Figuring is a series of interconnected biographies of 23 people who invented things or had big ideas (Darwin, Kepler, Maria Mitchell, etc.) How they inspired and influenced each other. It made me remember how much people shape and influence each other: across time and space. And how that series of links and thoughts inter-connects to give us inventions, new ideas, etc. As I spend my time at Brink working with people to grow new ideas, Popova made me remember how these ideas come about through people, and how important the people are in how the world works, fixes things, and makes everyone’s life better.

From Asad #listen

🎧 Jarvis Cockers ‘Wireless Nights’ podcast

As Jarvis talks about the emotions that bubble to the surface over a long plane flight, he also invites a priest to talk to us about how the architecture of a church moves us from east to west and birth to death. All of this juxtaposed with the role of a night time farmer birthing lambs. It makes me wonder — how might we collect and curate unique perspectives that are seemingly disconnected, into a new angle of the world, or, a new collective path into solving a problem?

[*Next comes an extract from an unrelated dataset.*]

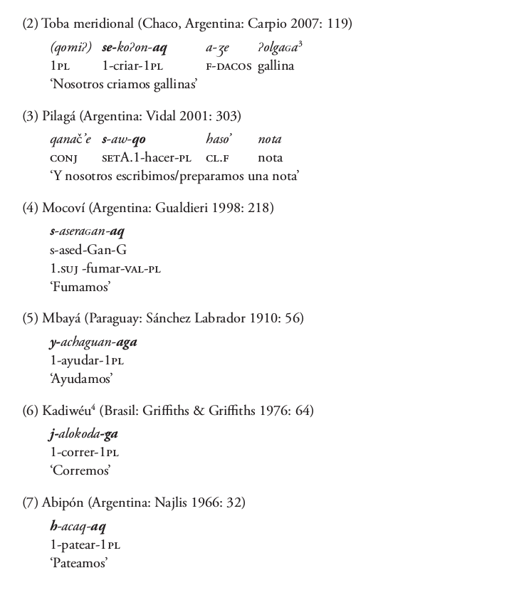 En las variedades más meridionales de toba (provincia de Chaco, Argentina: Buckwalter 1980; Carpio 2007; Censabella 2002; Klein 1981; Messineo 2003) (2), pilagá (Argentina: Vidal 2001) (3), mocoví (Argentina: Gualdieri 1998; Grondona 1998) (4), kadiwéu (Brasil: Griffiths & Griffiths 1976; Sandalo 1995) (5), mbayá (Paraguay: Sánchez Labrador 1910) (6), y abipón (Argentina: Najlis 1966)2 (7) ocurre un único morfema verbal discontinuo que codifica primera persona no-singular, compuesto por el prefijo de primera persona singular más el sufijo -aq (y sus alomorfos) que codifica plural de primera persona.

From Miranda #storytelling

Photo: Joel Meyerowitz

📖 How I Make Photographs, by Joel Meyerowitz

I love street photography. As a psychologist it’s just another study of humans from a slightly different angle. Studying and practicing street photography has shaped my practice at Brink by watching for those millisecond moments where energy shifts, ideas land, feelings turn. Photography has helped me get hyper in tune with the energy, the feeling of fizz that makes you know something magical is about to happen and Joel Meyerowitz is a king of that anticipation, and noticing. He also talks about the presence you have with a camera and how that shifts the energy and I feel that way a lot in group work about who holds the space and how they do that sensitively. I find the tips in his book as useful in facilitation as they are in photography. Either way, it’s a beautiful insight into our behaviour.

From Abi #capture

Better communities

Kumu on building effective communities

📝 The Fundamentals of Building Effective Communities, by Kumu

Building Communities is an evolution and a process. This blog reminds me of that and how it’s important to understand what stage we’re at when building any community. By being mindful of the growth and evolution, it’s easier to work with a community to meet peoples’ needs more effectively and not get burnt out on targeting energy at the wrong places.

From Abi #BetterTogether

📖 Atomic Habits, by James Clear

How to “habit hack” essentially — and how making things easy, accessible and sticky is essential for running a community.